What is a Candlestick?
Let us quickly understand what a candlestick is before getting into in-depth discussions about it. To the majority of the public candlestick is a pattern. Technically, yes, it is a pattern, but the pattern has a story within it. Understanding the story makes the pattern more valuable. In other words, it is a receipt of what happened in the market. Analyzing the history, the future can be predicted. Well, so this is a candlestick and its use.
There are a countless number of candlestick patterns out there on the internet and the books. However, there is a misconception in the industry. People think that if they study all the patterns on candlesticks, they can sustain in this industry. Unfortunately, this is not how it works. The only way to trade candlestick patterns is to understand what it actually means. Forget the terminology and focus on the “why.” The candlestick patterns seem to work exceptionally well sometimes, and miserably fail most of the time. Therefore, knowing when it works and when it doesn’t, work is important. So, let us go ahead and answer the above question.
The Best Candlestick pattern for a Price Action Trader
The most liked candlestick pattern for a Price Action trader is the so-called exhaustion candle. It is also referred to as a hammer, inverted hammer, etc. However, as mentioned above, forget the terminology and focus on what it means to you.

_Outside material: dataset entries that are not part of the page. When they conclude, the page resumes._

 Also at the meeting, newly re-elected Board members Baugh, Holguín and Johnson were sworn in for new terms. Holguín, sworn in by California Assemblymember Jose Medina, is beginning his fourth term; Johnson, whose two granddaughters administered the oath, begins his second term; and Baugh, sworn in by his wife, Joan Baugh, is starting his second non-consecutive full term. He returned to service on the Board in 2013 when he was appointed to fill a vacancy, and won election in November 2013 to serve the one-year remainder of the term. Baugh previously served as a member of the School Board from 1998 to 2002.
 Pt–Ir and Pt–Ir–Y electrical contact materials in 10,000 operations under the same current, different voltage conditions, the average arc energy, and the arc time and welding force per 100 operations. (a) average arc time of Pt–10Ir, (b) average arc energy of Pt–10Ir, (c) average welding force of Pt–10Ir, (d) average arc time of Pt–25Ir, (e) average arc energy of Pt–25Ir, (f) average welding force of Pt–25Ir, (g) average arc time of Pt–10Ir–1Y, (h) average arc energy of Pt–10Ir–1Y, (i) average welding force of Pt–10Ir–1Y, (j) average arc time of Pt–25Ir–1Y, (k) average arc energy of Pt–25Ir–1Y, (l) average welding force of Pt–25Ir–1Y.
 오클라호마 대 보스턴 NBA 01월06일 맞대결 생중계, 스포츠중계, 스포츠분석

Going forward, we will discuss on how to read this candlestick pattern and trade using it.
How does exhaustion candle look like and how to interpret it?

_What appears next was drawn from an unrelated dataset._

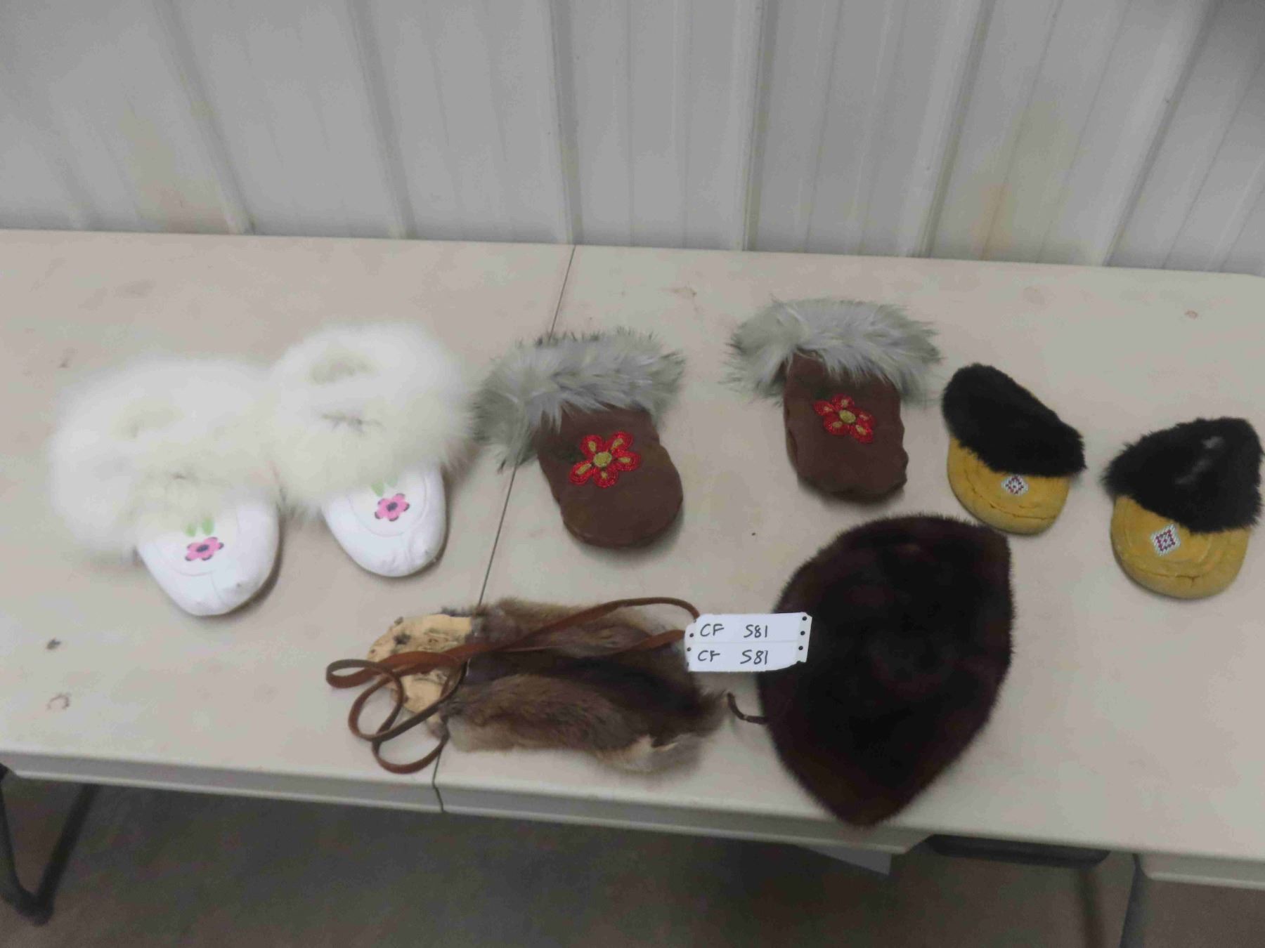 Beaded Leather Slippers & Gauntlets, Fur Hat & More

Below is the representation of an exhaustion candle
It is taught everywhere that, when an exhaustion candle occurs with a wick on the bottom, the market will head north. And, if the wick appears on the top, the market will head south. Well, the reason for it is not taught.
Consider the below example.
The above image represents an exhaustion candle and its corresponding line representation. Focusing on the line representation, the price opens at the point marked O and then it drops below and jumps right back up. The price does not even hold at the Support and Resistance (Blue line), signifying that the buyers are quite strong and the sellers do not seem to be interested in selling. Hence, indicating a buy signal.
Similarly, in the image above, the price opens at “O,” goes up and gets smacked back down. Also, the price does not hold at the S&R line (Blue line), which implies that the sellers are strong and not letting the buyers hold at S&R. There are several ways of interpreting it; however, having knowledge of one way of interpretation is sufficient.
How to trade using the exhaustion candle?
Knowing what it means is insufficient to take trading decisions. Having an understanding of the context plays an important role as well. The story before an exhaustion candle appears is very crucial. This is the key which tells when an exhaustion candle will work and when it will not.
Consider the following examples:
Assume that the market is in an uptrend, as shown in the above figure. Starting from the bottom, the price went up, retraced quite a bit. It went up again and retraced the same as the previous retracement. And, finally, it blasted to the upside. From this, we infer that the buyers are powerful. In the middle of the up move, an exhaustion candle pops up at the circle marked. Now, according to the textbooks, it must be a sell. Well, why does not the sell work? Here is where the context comes into play. The story before the candle appeared clearly says that the buyers are in complete control of the market, and one exhaustion candle is totally insignificant to these strong buyers.
In this example, the market is in an uptrend. However, there is a problem with this uptrend. Observe that this uptrend is not as strong as the previous example uptrend. For every higher high it makes, it is retracing quite a lot (about 50-60%). Also, the higher highs are weakening every step of the way. And then finally it retraces more than 100%. Now, let us examine what this 100% retracement (the circle area) may look in the form of a candle. As represented in the figure, it is an exhaustion candle. The story now signifies that the buyers are fading away and the sellers are picking up pace. Therefore, the exhaustion candle now holds much value.
There two most important factors to be noted for trading an exhaustion candle are:
1. The location where it appears
2. The strength of the market before the exhaustion candle shows up
These two are the criteria that help in determining if an exhaustion candle will work or not.
The Complete trade explained
In the above figure, the market is in an uptrend where the purple line is the Support and Resistance line. We now wait for a pullback to happen so that we can buy it. Let us read the pullback. In the pullback, we observe five red candles with one green exhaustion candle. In the five red candles, the first one did not do much while the second one was big. The third candle was smaller than the second one, and the fourth candle was again much smaller than the third one. Here, we infer that the sellers are slowly slowing down. The fifth candle comes up with wicks on both sides. This means that the buyers came back, but the sellers did not quite yet. Lastly, an exhaustion candle comes up. Let us verify whether both the criteria mentioned above are satisfied or not. The candle appeared at the Support (buyer’s area); hence, the first criterion is satisfied. Also, the strength of the market before the exhaustion candle appeared seems to be slowing down; therefore, the second criteria is satisfied as well. Hence, now is the time to pull the trigger for a buy. The target can be set to the recent highs, and the stop loss can be kept below the exhaustion candle.